OLT, osteochondral lesion of talus; PRP, platelet-rich plasma.

Table 2

Advantages and Disadvantages Regarding Treatment of OLTs With BioCartilage

Topic	Advantages	Disadvantages
Wound healing	The arthroscopic approach and instrumentation allow for minimally invasive treatment of OLTs.	Exposure can be challenging, and an arthroscopic technique may need to be aborted.
BioCartilage graft	Graft conforms to the shape of the defect and avoids donor-site morbidity and the need to use a bulk allograft.	A stable vertical shoulder is required for graft containment.
Outcomes	Micronized allograft cartilage with PRP may allow improved healing of these challenging lesions.	No long-term comparative human studies exist yet.

OLT, osteochondral lesion of talus; PRP, platelet-rich plasma.

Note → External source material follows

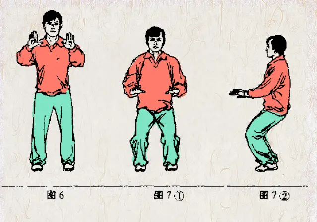 与简化太极拳起势动作相同。由预备势开始,两手徐徐前平举,高与肩平,宽同肩宽,掌心向下。稍停,两腿徐徐屈蹲,两手随之向下轻按至腹前。稍停,再徐徐起立,两手提至原来位置。如此反复练习(见图6、7①、7②)。

Specific risks of arthroscopic treatment of OLTs with the described technique include graft hypertrophy and/or overgrowth, delamination, progression of disease, and no relief of pain or improvement in function, as well as the risks of ankle arthroscopy including damage to surrounding structures, infection, bleeding, and need for future surgery. This technique should not be used to address uncontained lesions without a vertical shoulder because the graft material has little intrinsic structural stability. Furthermore, this technique is intended for small to moderate sized individual defects and should not be used diffusely throughout an arthritic joint given the importance of lesion size in clinical outcomes. We prefer to use BioCartilage to supplement the biological capacity of microfracture rather than to extend the indications for microfracture.